Marco Bonito possui visão parecida – para o professor, é preciso vontade política para que as lutas das pessoas com deficiência sejam discutidas em âmbito nacional. “Além disso, as universidades e cursos técnicos deveriam ter componentes curriculares voltados para o aprendizado e soluções de problemas relativos à falta de acessibilidade”, complementa o pesquisador.
Também jornalista e intérprete de Libras em Curitiba, Fernanda Bruni é fundadora do “Instituto Eu Tenho Nome”, que luta para tornar as pessoas com deficiência protagonistas da sociedade. Fernanda tem visão monocular (enxerga com apenas um dos olhos), além de não possuir audição do ouvido direito. De acordo com ela, todos os sites deveriam ter compromisso com a LBI. “A acessibilidade no Brasil está engatinhando mas em alguns pontos está melhorando”.
Para Gustavo Torniero, entender a acessibilidade e o que ela significa é um dos passos essenciais desse processo. “Aos poucos, as pessoas com deficiência passam a entender e a reivindicar seus direitos enquanto consumidores e cidadãos, muito embora grande parte dessa parcela da população ainda não entenda, na prática, de que forma podemos exigir que a lei seja cumprida”, destaca o jornalista.

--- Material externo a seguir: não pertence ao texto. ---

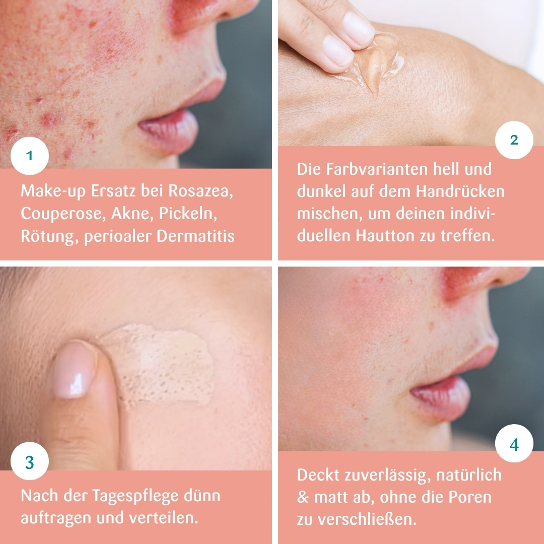 Make-up Ersatz bei Rosazea, Akne, Pickeln, Rötungen – zuverlässige Abdeckung, ohne Reizung oder Maskeneffekt.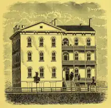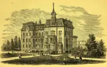 St. Mary's School was an American parochial girls' school located in Knoxville, Illinois. It opened in April 1868, in the building of the Ewing Female University, erected about ten years before. For lack of endowment, that institution had been compelled to discontinue its work, and the property was transferred to the Episcopal diocese of Illinois.[1] Of the fifteen trustees, ten were appointed to represent the diocese of Illinois and five to represent Knox county. The Rev. Charles Wesley Leffingwell became the founder and rector of St. Mary's, Mrs. Leffingwell being the matron and Miss Nancy Menedy Hitchcock the vice-principal. Dr. Leffingwell continued for 52 years as rector of the school; Mrs. Leffingwell was matron for 40 years; Miss Hitchcock was vice-principal for over 25 years.[2] This institution was entirely rebuilt and refurnished in 1883, at a cost of over US$100,000. Chapel, cloister, and other improvements were added.[3]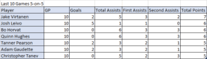 In the last 10 games for the Canucks Jacob Markstrom has played in 8 of them. He has played great posting a 0.916 SV% and 2.83 GAA. He’s saved 240 of 262 over that span and only Frederik Anderson has faced more with 270 shots against in 9 games played. The Canucks have to be careful not to overwork Marky. They have a couple of back to back games coming up December 28th and 29th and with Thatcher Demko out its the perfect time to give Michael DiPietro a chance to start and redeem himself after last years debacle. In Utica he has a 2.56 GAA and 0.910 SV%.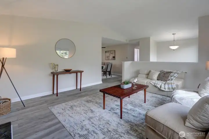 Light-filled and beautifully updated three bedroom mid-entry home nestled at the end of a quiet cul-de-sac. Built in 1978 and completely remodeled inside, this home shines with fresh paint and new laminate hardwood flooring throughout. The spacious kitchen features stainless steel appliances, built-in microwave, double sink, and ample room for an eating area or future center island. Formal dining room flows seamlessly into the bright living room with vaulted ceiling and cozy wood-burning fireplace. Downstairs rec room could be converted to fourth bedroom if desired. And don’t miss the big, multi purpose storage room down here. Enjoy outdoor living on the expansive 17 x 19 ft deck with full railing and staircase, leading to a large, fully fenced backyard – perfect for pets, gardening, or entertaining. The yard is a standout feature with mature evergreens and plenty of space to make it your own. Oversize garage offers incredible functionality with a utility sink, abundant shelving, and a hidden storage room. A rare combination of space, updates and privacy in a desirable cul-de-sac setting - this home is move-in ready and a must see!

Acessibilidade para pessoas neurodiversas
Outra das novidades do Guia de Boas Práticas para Acessibilidade Digital, em relação à outros documentos parecidos, é considerar também as pessoas neurodiversas ou neurodivergentes – grupo que inclui pessoas com deficiências intelectuais e psicossociais – como pessoas com síndrome de down, pessoas com TDAH e pessoas autistas – como Lucielys Costa Magalhães. Especialista em Psicopedagogia e professora em escolas de zona ribeirinha da Paraíba, Lucielys é mãe de Ibrahim Elias (10 anos), João Raviv (6 anos) e Iana Cecília (5 anos) – os três, assim como ela, diagnosticados no Espectro Autista.

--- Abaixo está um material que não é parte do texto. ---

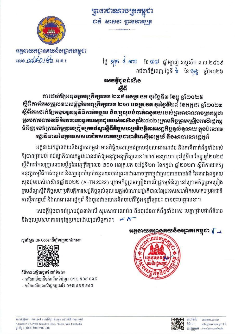 ភ្នំពេញ: អគ្គនាយកដ្ឋានគយនិងរដ្ឋាករកម្ពុជា ចេញសេចក្តីជូនដំណឹង ស្តីពីការដាក់ឱ្យអនុវត្តកម្មវិធីកាត់បន្ថយ និង-ឬលុបបំបាត់ពន្ធគយរបស់ព្រះរាជាណាចក្រកម្ពុជាស្របតាមនាមវលី នៃតារាងពន្ធគយសុខដុមរបស់អាស៊ានឆ្នាំ២០២២ ក្រោមកិច្ចព្រមព្រៀងពាណិជ្ជកម្មទំនិញនៅក្រោមកិច្ចព្រមព្រៀងក្របខ័ណ្ឌស្តីពីកិច្ចសហប្រតិបត្តិការសេដ្ឋកិច្ចទូលំទូលាយ ក្នុងចំណោមរដ្ឋាភិបាលនៃប្រទេសសមាជិកសមាគមប្រជាជាតិអាស៊ីអាគ្នេហ៍ និងសាធារណរដ្ឋកូរ៉េ។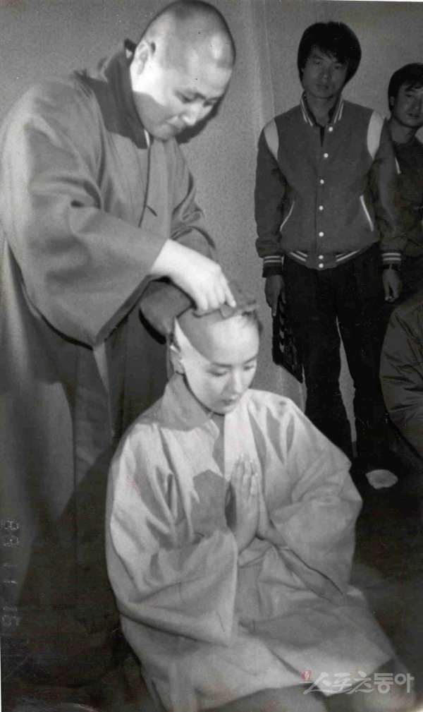 영화 ‘아제 아제 바라아제’서 비구니 역을 하며 촬영 중 삭발하는 강수연. 그는 “머리는 또 자라는 법”이라며 영화에 대한 열정을 불태웠다. 삭발 장면은 한국영화사를 상징하는 역사적인 장면으로 손꼽힌다. 스포츠동아DB

No caso das pessoas autistas, o contraste de cores é um dos elementos de acessibilidade digital que facilita a navegação na web. “Sei que muita gente não quer perder tempo em pensar nos outros. Há uma comunicação bastante inacessível num simples post e até nas legendas”, comenta Lucielys. A professora também se define como uma escritora do “autistês”, sendo autora de obras como “Empoderamento da Mulher Autista”, “Autismo nas Meninas” e “Sinais de Autismo em Bebês”. Para ela, é necessário que as pessoas entendam que a falta de acessibilidade pode levar pessoas autistas a terem crises sensoriais – causadas por estímulos de sons e cores.

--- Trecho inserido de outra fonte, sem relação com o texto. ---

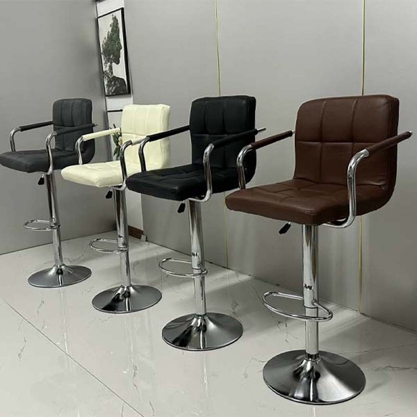 Chân ghế có chất liệu là thép chống rỉ cao cấp, chân xoay 360 độ. Có cần piston thủy lực nâng hạ được chiều cao ghế rất linh hoạt. Với tính ưu việt về thiết kế hiện đại, nhiều màu sắc kết hợp cả đệm ngồi bọc da PU, đặc biệt là giá thành rẻ tạo nên sức hút của dòng ghế này.

Sobre isso, Marco Bonito, que também é uma pessoa neurodivergente (diagnosticado com TDAH) aponta a dificuldade em lidar com sistemas digitais pouco lógicos e nada práticos. “O sistema de declaração de imposto de renda melhorou muito neste último ano, ainda assim, contém uma lógica perversa que causa crises de ansiedade e pânico, principalmente quando os termos utilizados ou a lógica são burocráticas em demasia. Outro bom exemplo é o sistema de publicação de currículos acadêmicos, o Lattes”, reclama.
De acordo com o professor, o problema da falta de acessibilidade digital está relacionado com as lógicas de lucratividade do mundo capitalista. “A implementação da acessibilidade não é um desejo pulsante. Não interessa ao sistema proposto que se invista parte dos lucros em soluções para o problema da falta de acessibilidade”, afirma.